Go to the line holding "Come To Me |" in the data below and repeat it exactly, then each line after it up to and including the one holding "2021年5月19日上午,上". Omit pictures.

Record excerpts: Begin

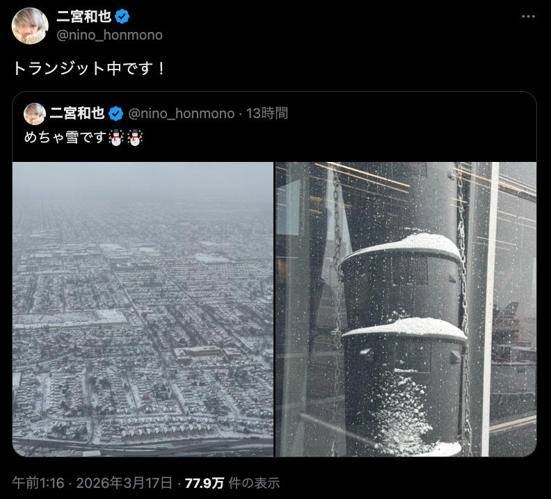嵐の二宮和也が3月17日、自身のX(旧Twitter)を更新。『ワールド・ベースボール・クラシック(...
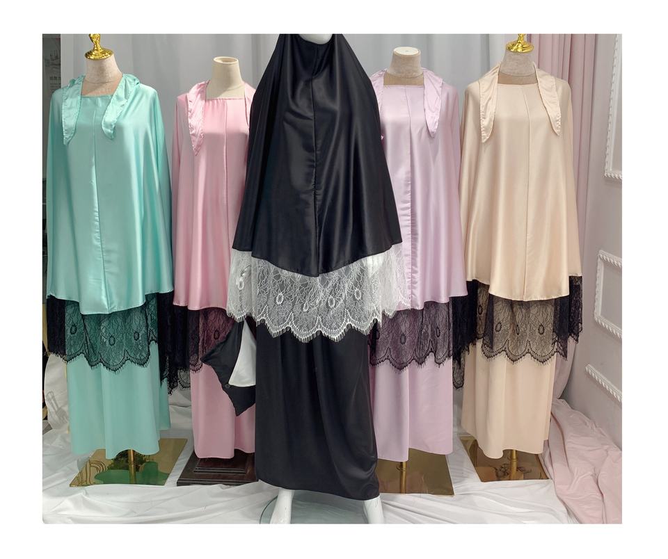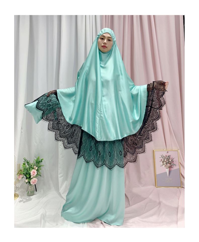 ชุดเดรสมุสลิมของผู้หญิง,ชุดคลุมฮิญาบผ้าลูกไม้อาบายา2ชิ้นมุสลิม Khimar อิสลามชุดคลุมฮิญาบ2023
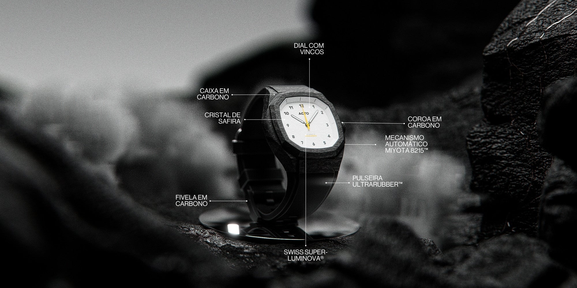 Desenhado por Erich Shibata, em parceria com a ACTO, é o primeiro relógio brasileiro feito de carbono: um verdadeiro símbolo de conquista e inovação.
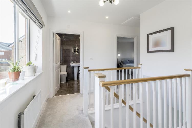 Radiator, inset ceiling lighting, loft access, over-stairs cupboard, UPVC double-glazed window to the rear and panelled doors off to all bedrooms and family bathroom.
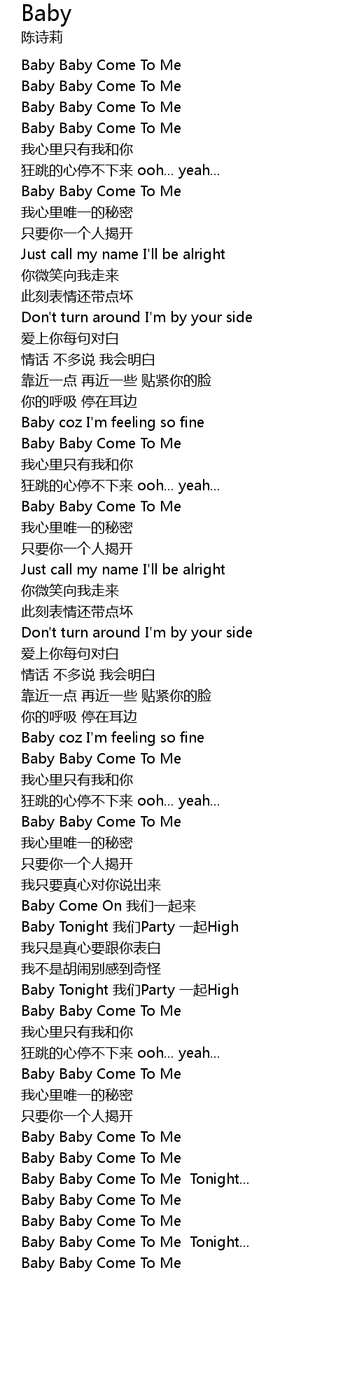 | [00:36.53] | Baby Baby Come To Me |
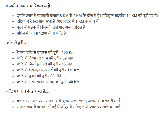 - Distance from Raikra Plot to Banaras - 100 Km
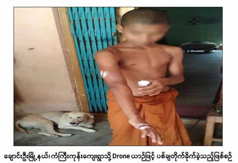 စစ်ကိုင်းတိုင်းဒေသကြီး၊ ချောင်းဦးမြို့နယ်၊ ကံကြီးကုန်းကျေးရွာရှိ ဘုန်းတော်ကြီး ကျောင်းဝင်းအတွင်းသို့ PDF အမည်ခံအကြမ်းဖက်အဖွဲ့က Drone ယာဉ်ဖြင့် ပစ်ခတ် တိုက်ခိုက်ခဲ့သဖြင့် ဘုန်းတော်ကြီးကျောင်းတွင် စာသင်ကြားလျက်ရှိသည့် ကျောင်းသား ၃ ဦးနှင့် ကိုရင် ၁ ပါးတို့တွင် မိုင်းစထိမှန်ဒဏ်ရာများ ရရှိခဲ့ကြောင်း သိရသည်။
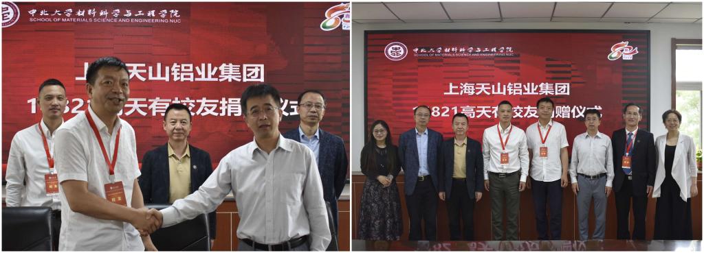 2021年5月19日上午,上海天山铝业集团捐赠仪式于材料学院会议室举行,14821班高天有校友捐赠了高纯度金属铝,上海校友会秘书长王永柏、高天有的代表司旭东先生、校友办主任张胜利、院领导及部分师生参加了此次捐赠仪式,仪式由院党委副书记郭云霞主持。
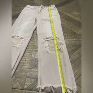 Step out in style with these casual distressed boyfriend jeans in a soft pink hue. Perfect for a laid-back yet chic look.
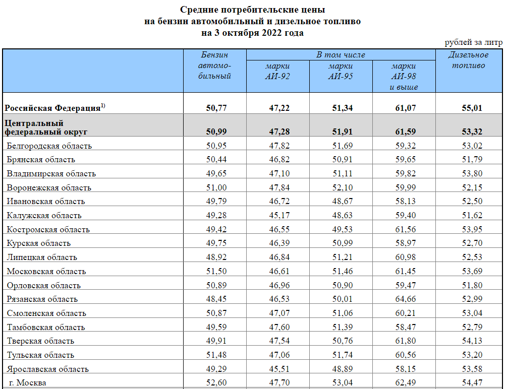 Росстат опубликовал динамику потребительских цен на топливо с 26 сентября по 2 октября
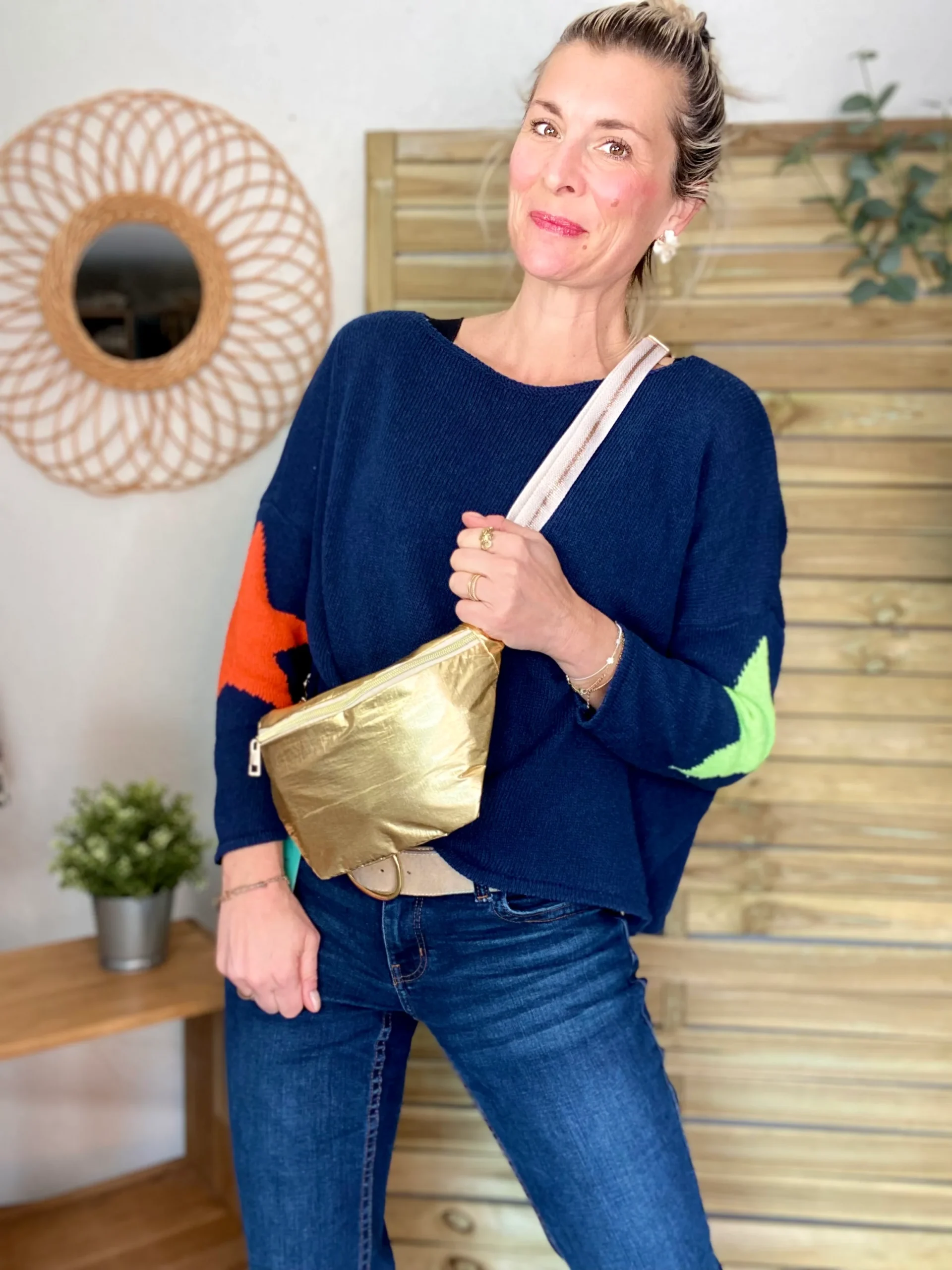 Pull Oversize col V étoiles doré ⭐️ ALMA – Bleu marine – SOLDES

Record excerpts: End

* Task solution *
 | [00:36.53] | Baby Baby Come To Me |
 - Distance from Raikra Plot to Banaras - 100 Km
 စစ်ကိုင်းတိုင်းဒေသကြီး၊ ချောင်းဦးမြို့နယ်၊ ကံကြီးကုန်းကျေးရွာရှိ ဘုန်းတော်ကြီး ကျောင်းဝင်းအတွင်းသို့ PDF အမည်ခံအကြမ်းဖက်အဖွဲ့က Drone ယာဉ်ဖြင့် ပစ်ခတ် တိုက်ခိုက်ခဲ့သဖြင့် ဘုန်းတော်ကြီးကျောင်းတွင် စာသင်ကြားလျက်ရှိသည့် ကျောင်းသား ၃ ဦးနှင့် ကိုရင် ၁ ပါးတို့တွင် မိုင်းစထိမှန်ဒဏ်ရာများ ရရှိခဲ့ကြောင်း သိရသည်။
 2021年5月19日上午,上海天山铝业集团捐赠仪式于材料学院会议室举行,14821班高天有校友捐赠了高纯度金属铝,上海校友会秘书长王永柏、高天有的代表司旭东先生、校友办主任张胜利、院领导及部分师生参加了此次捐赠仪式,仪式由院党委副书记郭云霞主持。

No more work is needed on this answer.